In my own search, I have tried both liberal and evangelical religion and neither of them has worked for me. I found both of these forms of religion to be extremely judgmental, dogmatic, and exclusive. They both at times helped point me to Jesus as my Inner Guide, but then their own agendas took over. They both wanted to tell me what to believe and how to live by their dogmas, books, and authorities.
My agenda is to find a practical faith that comes from Jesus and to follow his Light within. I need a Guide that I can trust; that has no agenda of its own, except to help me learn how to be a more loving and caring person—and not necessarily more religious! I find that people who already think they have the answers (religious or not) are not particularly open to listening to Jesus teach them. The Bible is pretty clear on that one!
Listening and following the Guide within is not an individual experience. We need to search together for what the Spirit is saying to us today. This is not a “you follow your guide and I will follow mine.” We clearly need each other to listen better and discern better what this secret power feels like in our meetings and community life. We need each other’s help finding ways to bring this more consistently into our daily lives and be better vessels for listening. We need each other’s help to learn how to carry this redeeming work of God’s love into the world. I know that I cannot do this on my own. I need the help of others seeking to learn this way. I need the help of my meeting, and, most important, I need the help of a Higher Power and trusted Guide.
I met an Episcopal bishop from South Korea at Pendle Hill Study Center outside Philadelphia, Pa, this past spring. I asked him what had brought him all the way to Pendle Hill.

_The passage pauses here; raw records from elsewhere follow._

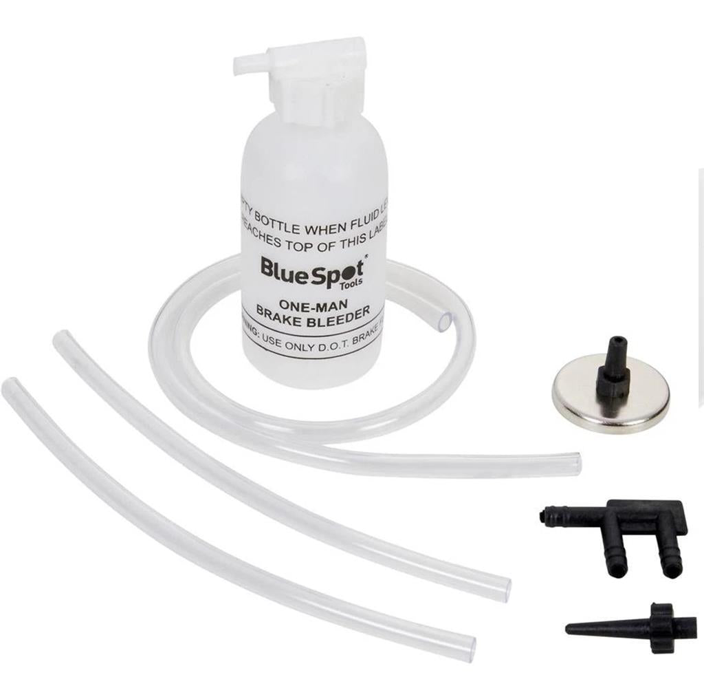 The Blue Spot mini one person brake bleeder kit enables the user to bleed brakes without any assistance it comes with a strong magnet to keep the 2oz (60ml) fluid bottle in place along with different sized hoses and tapered fittings which are compatible with most cars designed to be used on master cylinders, wheel cylinder and calipers.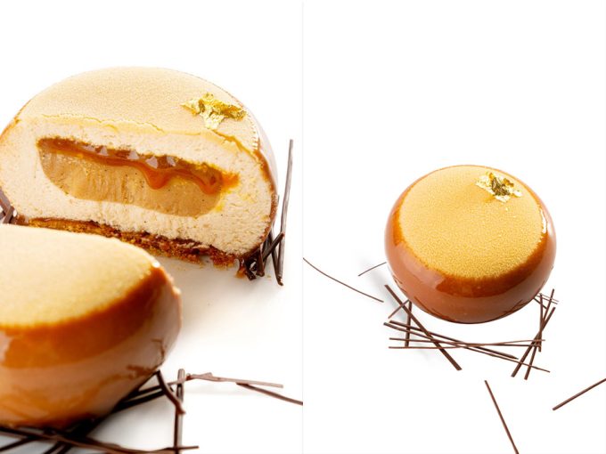 Hervir la leche con la glucosa, la vainilla, la sal y la mantequilla. Escaldar el almidón previamente mezclado con la nata. Hacer un caramelo en seco con el azúcar y cuando esté a 190º C, escaldarlo con la mezcla anterior. Dejar enfriar en nevera y dosificarlo sobre el cremoso interior.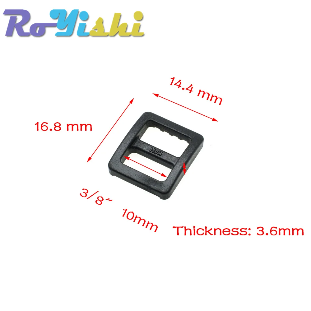 10 unids/pack deslizador de plástico Tri Glide ajustar hebillas correas de mochila de estilo más ancho negro

He said that he had been praying for a long time for new life to come into his church communities: that his churches are struggling to speak to the needs of people today and especially young people. As he continued to pray, he was regularly drawn to the verses from John 15:14–17 (NIV):
You are my friends if you do what I command. I no longer call you servants, because a servant does not know his master’s business. Instead, I have called you friends, for everything that I learned from my Father I have made known to you. You did not choose me, but I chose you and appointed you so that you might go and bear fruit—fruit that will last—and so that whatever you ask in my name the Father will give you. This is my command: Love each other.
He felt that the Spirit was telling him the new life he was looking for was related to these verses. He wanted to find out more about what it means to know Jesus as your friend and what it might mean for his churches to come into this experience together. So, he started searching on the Internet about this. Up popped Quakers. He had never heard of us before, but it looked like maybe we could help him learn what it means to be a friend of Jesus, as this is how we received our name. Then up popped Pendle Hill, and he said to himself, I need to go there to learn from the Friends what this means. So he came to Pendle Hill from half way around the world on this quest.
We had many wonderful conversations during his stay at Pendle Hill. God seemed to be tendering his heart and mine too, as we grew closer together each day. We looked at early Friends’ experiences, the Scriptures, other writings, and we shared from our own lives. Together we spent time waiting for the voice of the Guide within. All of these things helped us to discover what it means to listen and learn from Jesus, our Inner Teacher and Friend. It was hard to say goodbye when he left to go back home to South Korea. I feel that what we found together was as close as you can get to experiencing what is at the very heart of Quaker beliefs.